Task goal:
Each line of the listing must be transcribed exactly, except for the images, which should be excluded.
+--
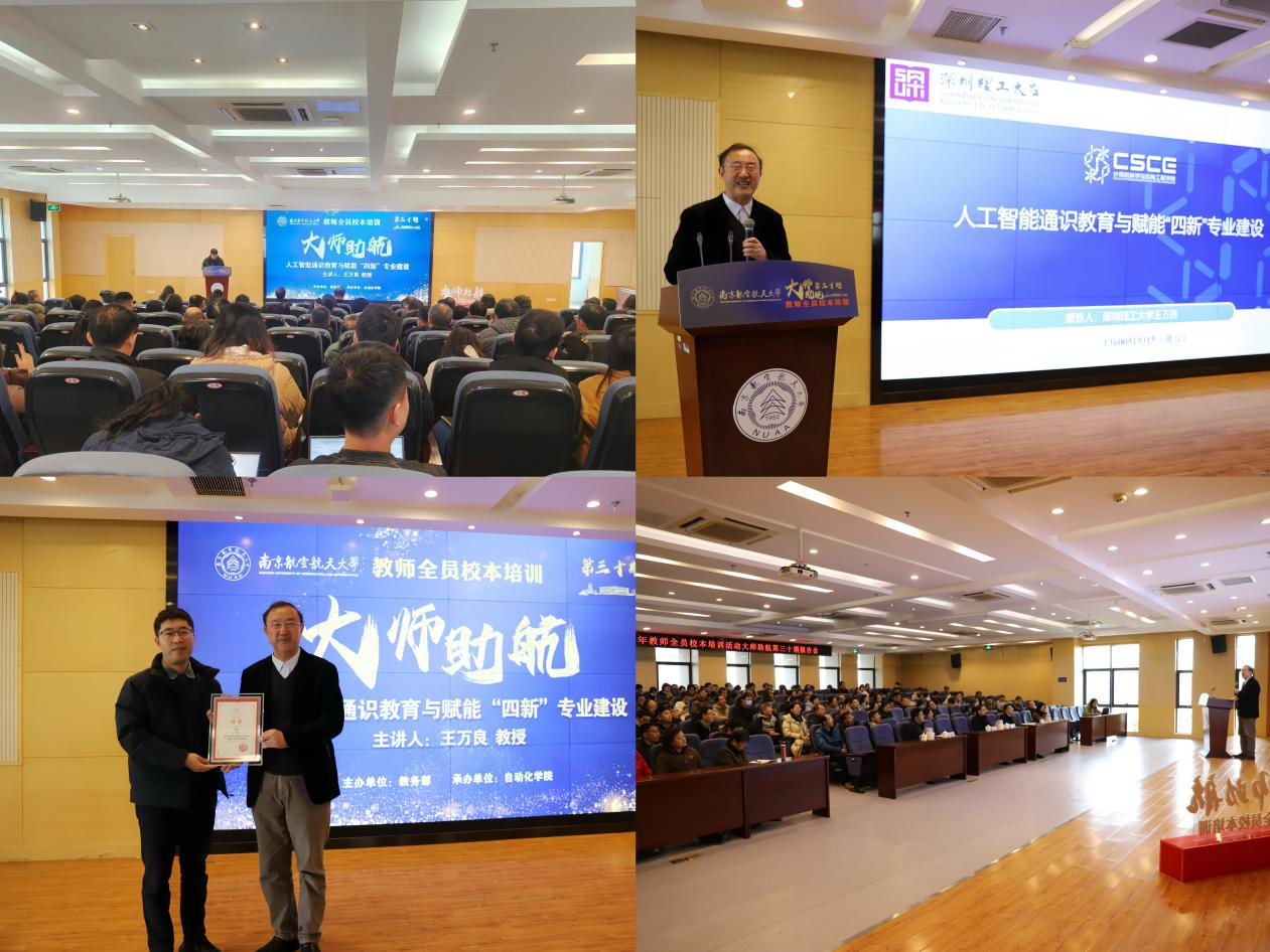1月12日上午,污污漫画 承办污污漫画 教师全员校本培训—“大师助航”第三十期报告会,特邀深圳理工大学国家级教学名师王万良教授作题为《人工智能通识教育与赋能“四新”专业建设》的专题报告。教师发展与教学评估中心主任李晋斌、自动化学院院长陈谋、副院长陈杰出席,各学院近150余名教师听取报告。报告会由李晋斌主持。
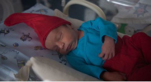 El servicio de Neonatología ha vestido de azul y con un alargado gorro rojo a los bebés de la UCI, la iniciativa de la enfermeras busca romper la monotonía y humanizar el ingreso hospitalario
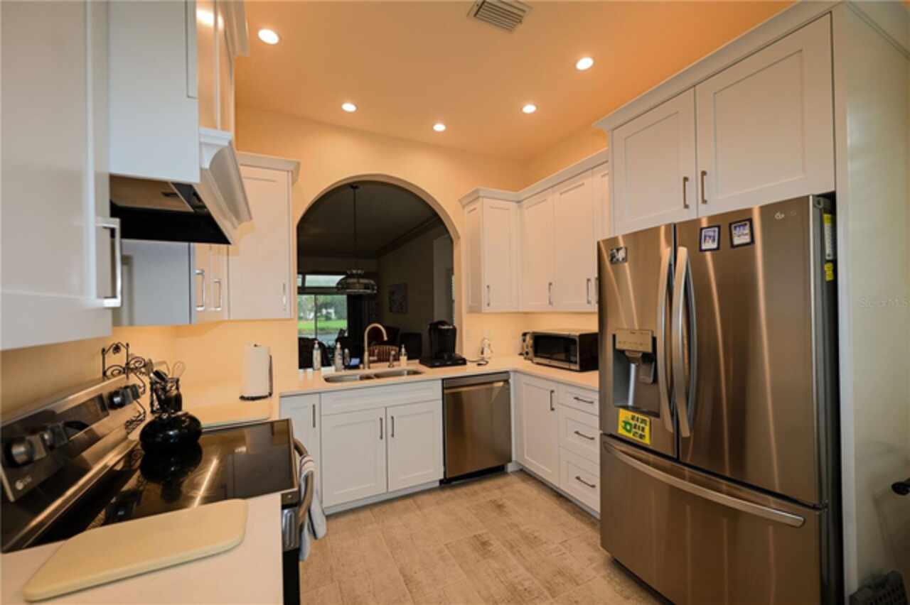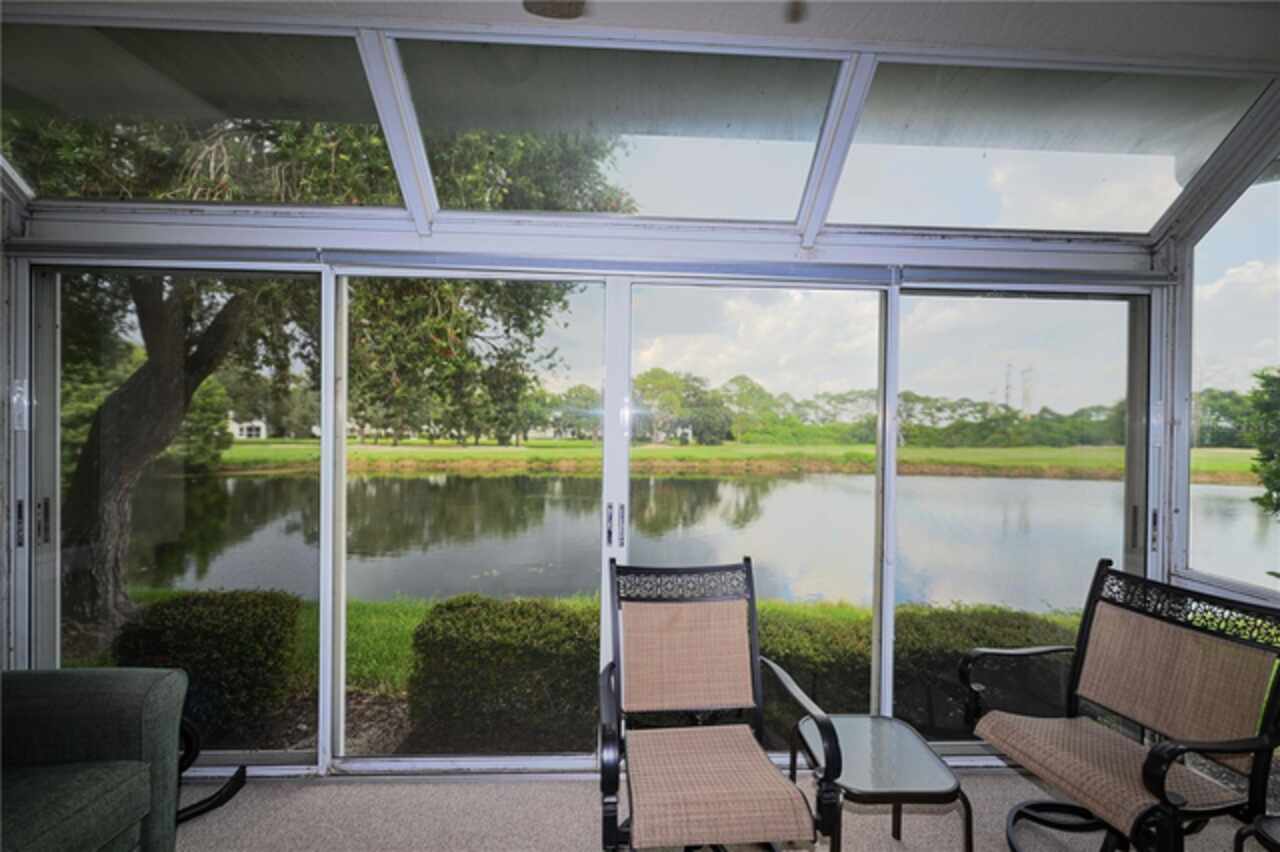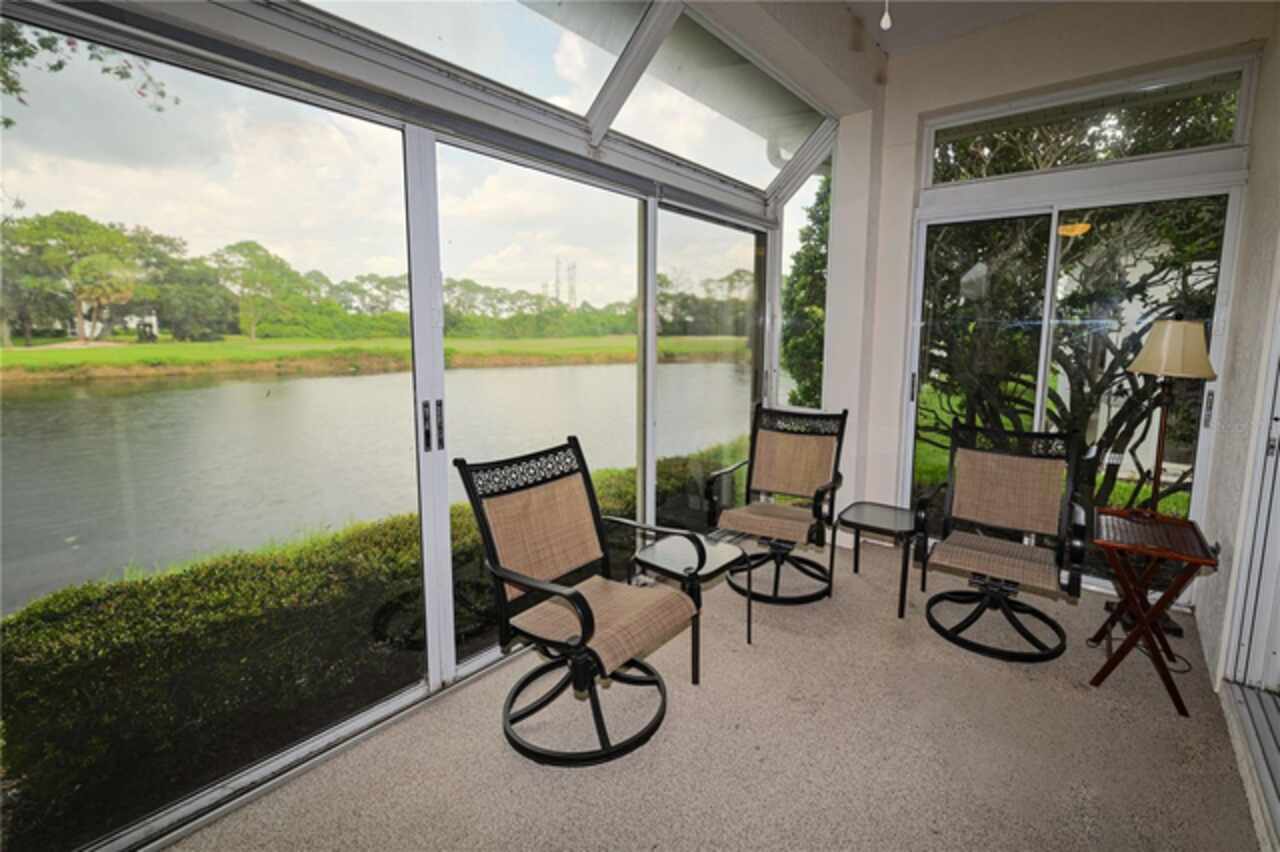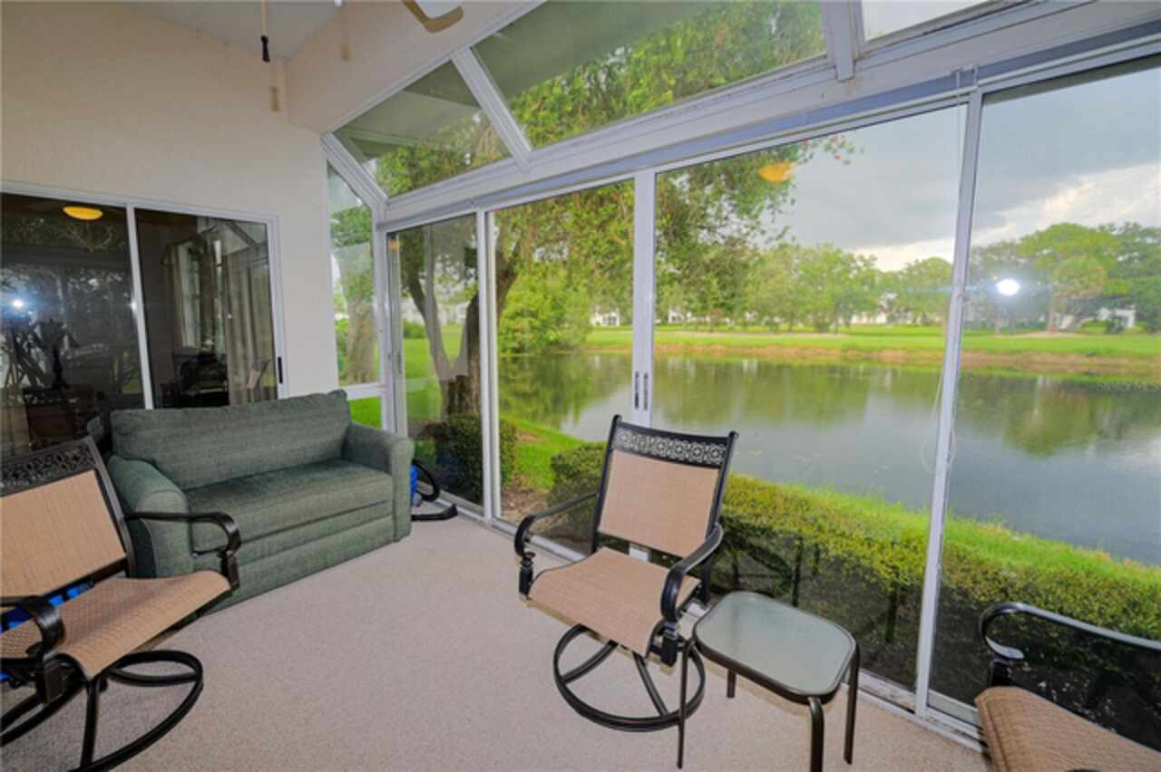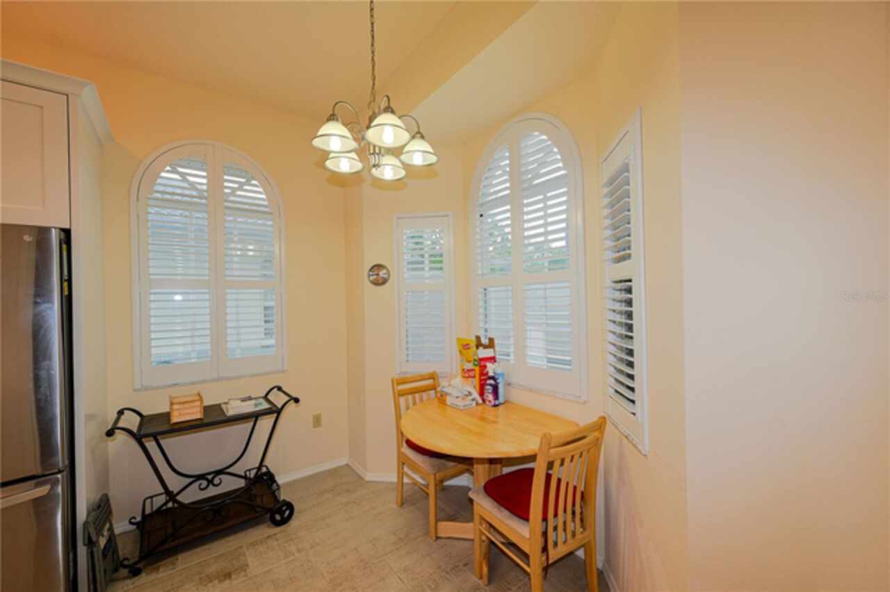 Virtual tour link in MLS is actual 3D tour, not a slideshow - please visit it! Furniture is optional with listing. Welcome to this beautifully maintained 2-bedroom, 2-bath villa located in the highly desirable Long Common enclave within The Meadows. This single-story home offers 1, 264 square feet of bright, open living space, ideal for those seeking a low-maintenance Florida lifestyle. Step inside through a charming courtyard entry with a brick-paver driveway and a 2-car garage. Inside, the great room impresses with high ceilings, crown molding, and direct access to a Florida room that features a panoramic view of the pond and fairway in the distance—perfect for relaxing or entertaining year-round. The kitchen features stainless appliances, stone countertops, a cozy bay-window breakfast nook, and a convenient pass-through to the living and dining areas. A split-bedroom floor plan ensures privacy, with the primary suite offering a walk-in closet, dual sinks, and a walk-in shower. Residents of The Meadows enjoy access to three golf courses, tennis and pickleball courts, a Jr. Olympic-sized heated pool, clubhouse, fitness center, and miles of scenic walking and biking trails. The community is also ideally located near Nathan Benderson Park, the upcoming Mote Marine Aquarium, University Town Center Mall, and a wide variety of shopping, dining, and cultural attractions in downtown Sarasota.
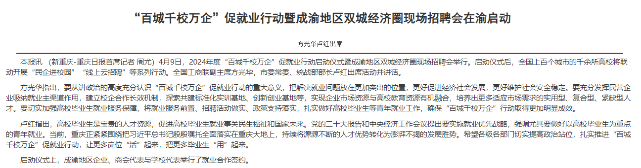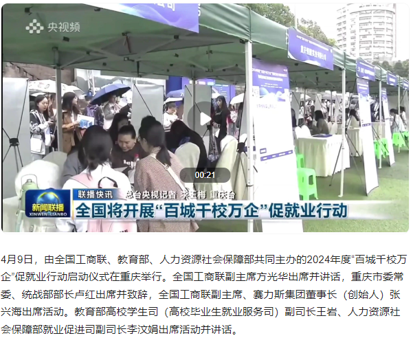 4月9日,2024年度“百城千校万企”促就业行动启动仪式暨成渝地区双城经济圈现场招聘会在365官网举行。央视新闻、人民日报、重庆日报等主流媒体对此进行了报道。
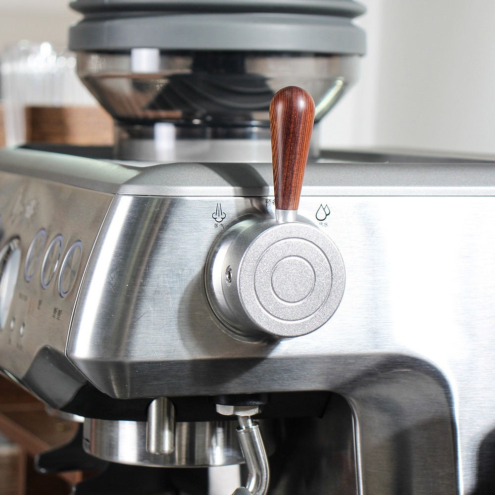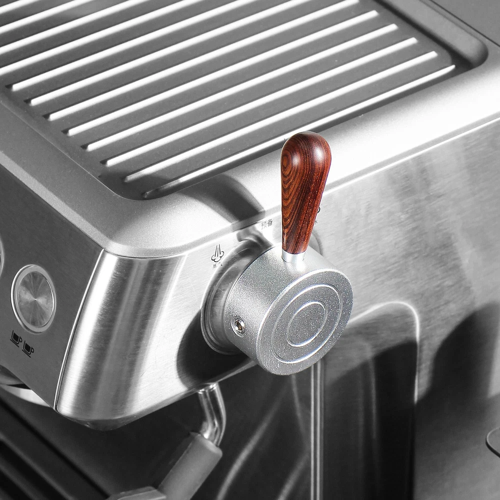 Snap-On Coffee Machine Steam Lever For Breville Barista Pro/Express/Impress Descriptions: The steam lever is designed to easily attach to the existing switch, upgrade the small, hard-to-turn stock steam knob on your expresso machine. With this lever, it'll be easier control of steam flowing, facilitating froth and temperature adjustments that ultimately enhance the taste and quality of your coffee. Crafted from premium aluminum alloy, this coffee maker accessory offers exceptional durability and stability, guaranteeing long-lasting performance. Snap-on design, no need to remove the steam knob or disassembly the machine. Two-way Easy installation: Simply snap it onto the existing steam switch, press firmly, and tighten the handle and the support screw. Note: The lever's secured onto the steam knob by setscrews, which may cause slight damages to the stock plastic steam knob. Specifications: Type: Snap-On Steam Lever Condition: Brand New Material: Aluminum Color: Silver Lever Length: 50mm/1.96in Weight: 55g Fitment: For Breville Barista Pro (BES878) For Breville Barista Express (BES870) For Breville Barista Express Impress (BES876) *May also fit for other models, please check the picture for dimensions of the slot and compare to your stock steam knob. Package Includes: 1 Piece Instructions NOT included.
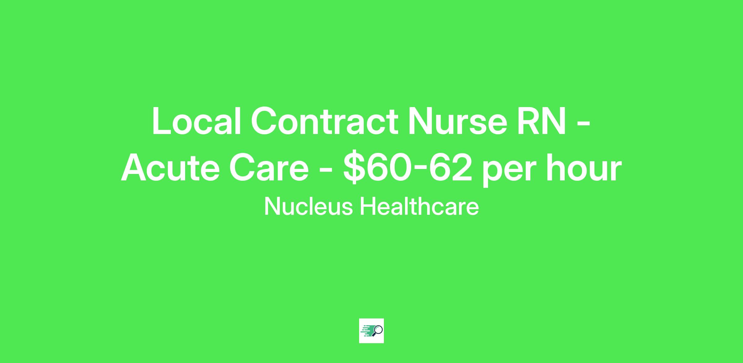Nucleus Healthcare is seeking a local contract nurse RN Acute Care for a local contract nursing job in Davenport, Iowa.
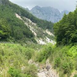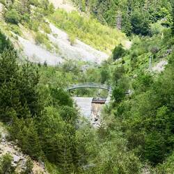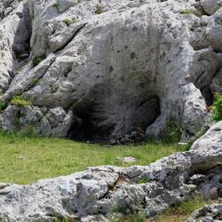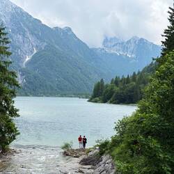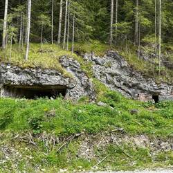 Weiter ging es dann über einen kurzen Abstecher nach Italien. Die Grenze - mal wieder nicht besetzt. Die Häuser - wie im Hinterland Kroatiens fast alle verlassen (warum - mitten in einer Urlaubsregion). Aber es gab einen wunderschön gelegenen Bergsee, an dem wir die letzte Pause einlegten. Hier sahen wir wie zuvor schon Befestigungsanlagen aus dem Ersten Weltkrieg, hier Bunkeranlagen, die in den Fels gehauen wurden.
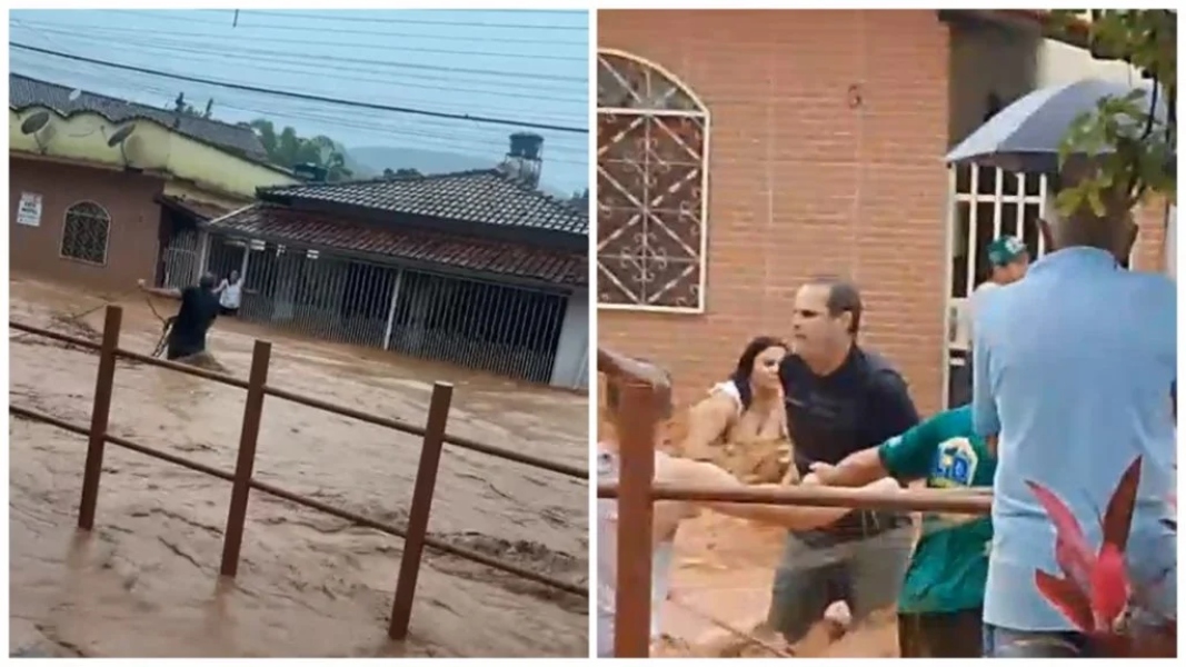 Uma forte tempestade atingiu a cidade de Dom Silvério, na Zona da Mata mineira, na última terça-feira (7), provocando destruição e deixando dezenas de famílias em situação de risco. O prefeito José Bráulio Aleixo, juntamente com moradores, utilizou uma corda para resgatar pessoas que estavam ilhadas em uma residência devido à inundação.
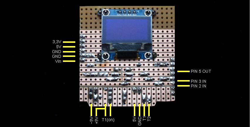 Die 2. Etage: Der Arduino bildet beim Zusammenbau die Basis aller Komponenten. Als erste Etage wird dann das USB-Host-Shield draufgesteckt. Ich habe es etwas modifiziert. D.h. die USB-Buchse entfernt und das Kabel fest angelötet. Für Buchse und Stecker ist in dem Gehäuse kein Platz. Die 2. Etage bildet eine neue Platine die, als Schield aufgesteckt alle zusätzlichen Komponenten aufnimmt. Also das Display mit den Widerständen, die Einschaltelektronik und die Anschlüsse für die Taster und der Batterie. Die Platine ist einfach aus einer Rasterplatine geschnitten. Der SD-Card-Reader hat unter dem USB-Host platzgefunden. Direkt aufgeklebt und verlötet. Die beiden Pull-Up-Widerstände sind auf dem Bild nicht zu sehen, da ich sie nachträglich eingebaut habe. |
+--
Completed exercise:
1月12日上午,污污漫画 承办污污漫画 教师全员校本培训—“大师助航”第三十期报告会,特邀深圳理工大学国家级教学名师王万良教授作题为《人工智能通识教育与赋能“四新”专业建设》的专题报告。教师发展与教学评估中心主任李晋斌、自动化学院院长陈谋、副院长陈杰出席,各学院近150余名教师听取报告。报告会由李晋斌主持。
 El servicio de Neonatología ha vestido de azul y con un alargado gorro rojo a los bebés de la UCI, la iniciativa de la enfermeras busca romper la monotonía y humanizar el ingreso hospitalario
 Virtual tour link in MLS is actual 3D tour, not a slideshow - please visit it! Furniture is optional with listing. Welcome to this beautifully maintained 2-bedroom, 2-bath villa located in the highly desirable Long Common enclave within The Meadows. This single-story home offers 1, 264 square feet of bright, open living space, ideal for those seeking a low-maintenance Florida lifestyle. Step inside through a charming courtyard entry with a brick-paver driveway and a 2-car garage. Inside, the great room impresses with high ceilings, crown molding, and direct access to a Florida room that features a panoramic view of the pond and fairway in the distance—perfect for relaxing or entertaining year-round. The kitchen features stainless appliances, stone countertops, a cozy bay-window breakfast nook, and a convenient pass-through to the living and dining areas. A split-bedroom floor plan ensures privacy, with the primary suite offering a walk-in closet, dual sinks, and a walk-in shower. Residents of The Meadows enjoy access to three golf courses, tennis and pickleball courts, a Jr. Olympic-sized heated pool, clubhouse, fitness center, and miles of scenic walking and biking trails. The community is also ideally located near Nathan Benderson Park, the upcoming Mote Marine Aquarium, University Town Center Mall, and a wide variety of shopping, dining, and cultural attractions in downtown Sarasota.
 4月9日,2024年度“百城千校万企”促就业行动启动仪式暨成渝地区双城经济圈现场招聘会在365官网举行。央视新闻、人民日报、重庆日报等主流媒体对此进行了报道。
 Snap-On Coffee Machine Steam Lever For Breville Barista Pro/Express/Impress Descriptions: The steam lever is designed to easily attach to the existing switch, upgrade the small, hard-to-turn stock steam knob on your expresso machine. With this lever, it'll be easier control of steam flowing, facilitating froth and temperature adjustments that ultimately enhance the taste and quality of your coffee. Crafted from premium aluminum alloy, this coffee maker accessory offers exceptional durability and stability, guaranteeing long-lasting performance. Snap-on design, no need to remove the steam knob or disassembly the machine. Two-way Easy installation: Simply snap it onto the existing steam switch, press firmly, and tighten the handle and the support screw. Note: The lever's secured onto the steam knob by setscrews, which may cause slight damages to the stock plastic steam knob. Specifications: Type: Snap-On Steam Lever Condition: Brand New Material: Aluminum Color: Silver Lever Length: 50mm/1.96in Weight: 55g Fitment: For Breville Barista Pro (BES878) For Breville Barista Express (BES870) For Breville Barista Express Impress (BES876) *May also fit for other models, please check the picture for dimensions of the slot and compare to your stock steam knob. Package Includes: 1 Piece Instructions NOT included.
Nucleus Healthcare is seeking a local contract nurse RN Acute Care for a local contract nursing job in Davenport, Iowa.
 Weiter ging es dann über einen kurzen Abstecher nach Italien. Die Grenze - mal wieder nicht besetzt. Die Häuser - wie im Hinterland Kroatiens fast alle verlassen (warum - mitten in einer Urlaubsregion). Aber es gab einen wunderschön gelegenen Bergsee, an dem wir die letzte Pause einlegten. Hier sahen wir wie zuvor schon Befestigungsanlagen aus dem Ersten Weltkrieg, hier Bunkeranlagen, die in den Fels gehauen wurden.
 Uma forte tempestade atingiu a cidade de Dom Silvério, na Zona da Mata mineira, na última terça-feira (7), provocando destruição e deixando dezenas de famílias em situação de risco. O prefeito José Bráulio Aleixo, juntamente com moradores, utilizou uma corda para resgatar pessoas que estavam ilhadas em uma residência devido à inundação.
 Die 2. Etage: Der Arduino bildet beim Zusammenbau die Basis aller Komponenten. Als erste Etage wird dann das USB-Host-Shield draufgesteckt. Ich habe es etwas modifiziert. D.h. die USB-Buchse entfernt und das Kabel fest angelötet. Für Buchse und Stecker ist in dem Gehäuse kein Platz. Die 2. Etage bildet eine neue Platine die, als Schield aufgesteckt alle zusätzlichen Komponenten aufnimmt. Also das Display mit den Widerständen, die Einschaltelektronik und die Anschlüsse für die Taster und der Batterie. Die Platine ist einfach aus einer Rasterplatine geschnitten. Der SD-Card-Reader hat unter dem USB-Host platzgefunden. Direkt aufgeklebt und verlötet. Die beiden Pull-Up-Widerstände sind auf dem Bild nicht zu sehen, da ich sie nachträglich eingebaut habe. |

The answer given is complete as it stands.